Regardless of the debates in Washington, the Internet is becoming increasingly more important
and at least for some, profitable. Marriott booked 20,000 rooms in one day, $5 million in sales;
and Youbet continues to grow with revenues increasing over 300 percent in one quarter.
        "It's the first time we've broken through 20,000," in hotel rooms booked online in a single day,
        said Marriott International spokesman John Wolf. The rooms represent about $5 million in gross
        sales, up from the record of about $4.8 million when just under 19,000 room-nights were booked
        one day earlier in the month. Marriott International's online sales topped $1 billion last year,
        a nearly seven-fold increase in two years.
        Jerry W. Jackson, Orlando Sentinel, Knight Ridder/Tribune Business News, Hotel Online, 5-21-03

        Youbet.com, Inc., the leading online live event and wagering company, today announced that First
        Quarter 2003 marked the company's fourth consecutive quarter of record growth.
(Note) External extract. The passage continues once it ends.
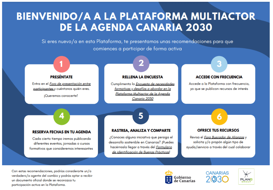 La implementación de la Agenda Canaria de Desarrollo Sostenible 2030, puesta en marcha por el Gobierno canarios hace algunos años, se ve reforzada con la Plataforma Multiactor que, a modo de espacio de trabajo colaborativo, tiene por intención la de articular y coordinar las acciones de los diversos agentes y grupos de interés. Esta Plataforma Multiactor apoya el intercambio de conocimiento y la identificación de soluciones a desafíos presentes y emergentes relacionados con el desarrollo sostenible en el archipiélago, y entre sus objetivos principales están los siguientes: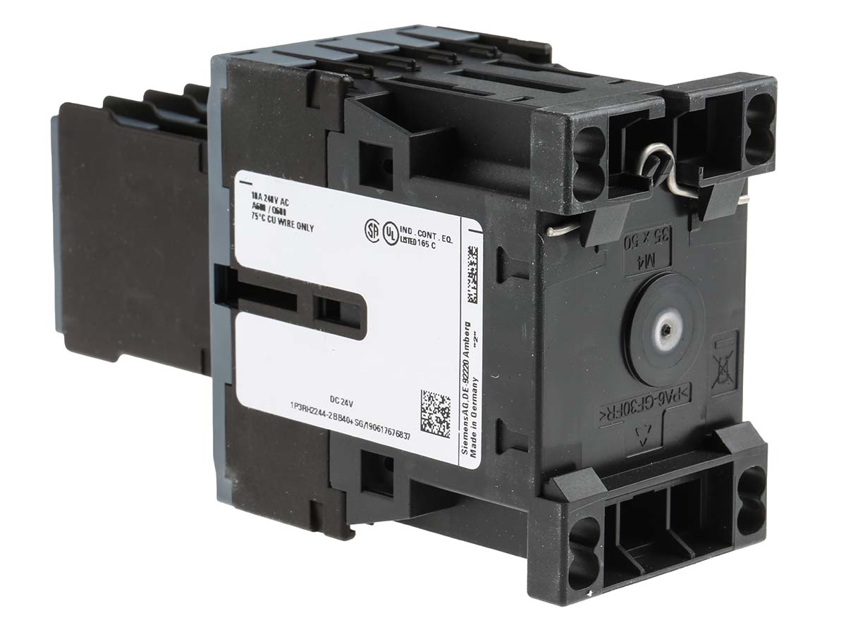 This is Contactor Relay - 4NO/4NC 10 A Contact Rating 4 W 24 V dc 8P manufactured by Siemens. The manufacturer part number is 3RH2244-2BB40. The rated contact current is 10 a. Whereas, the minimum operating temperature of the product is -25°c. It has a typical 10a load current. It has 24 vdc control voltage . The product 3rh2, is a highly preferred choice for users. Additionally, it can withstand 690v ac load voltage . The coil voltage of the product is 24 v dc. Its accurate length is 70mm. The product is available in din rail mount style. Furthermore, the product is 45mm wide. The product comes in 121mm depth. It is composed of [Number of Auxiliary Contacts] auxiliary contacts. The normal state configuration includes 4no + 4nc. It features sirius range. In addition, it has a standard 4no + 4nc auxiliary contact configuration . The integrated contact has 690 v ac of voltage rating. It has a maximum operating temperature of +60°c. The terminal is a spring load type.

The gross
        handle for the first quarter set a new record at $61.0 million, up substantially from $27.1 million in
        the first quarter 2002, and includes a record-breaking gross handle of $21.1 million for the month
        of March, 2003. Gross revenues increased 323% to $11.0 million for the quarter ended
        March 31, 2003 as compared to $2.6 million in the first quarter of 2002. Net revenues, after
        payments to our track partners and licensing fees, were $3.8 million for the first quarter 2003
        compared to $1.7 million in the first quarter of 2002.
        Business Wire, Yahoo Business, 5-16-03

The growth rates are stunning in both cases and both have implications for all of the gaming
industry. There are some in the industry that think it makes sense to try and stop the growth of
Internet gaming, but for the rest of the industry it makes more sense to try and understand it and
find ways to integrate the Internet into the business and operations.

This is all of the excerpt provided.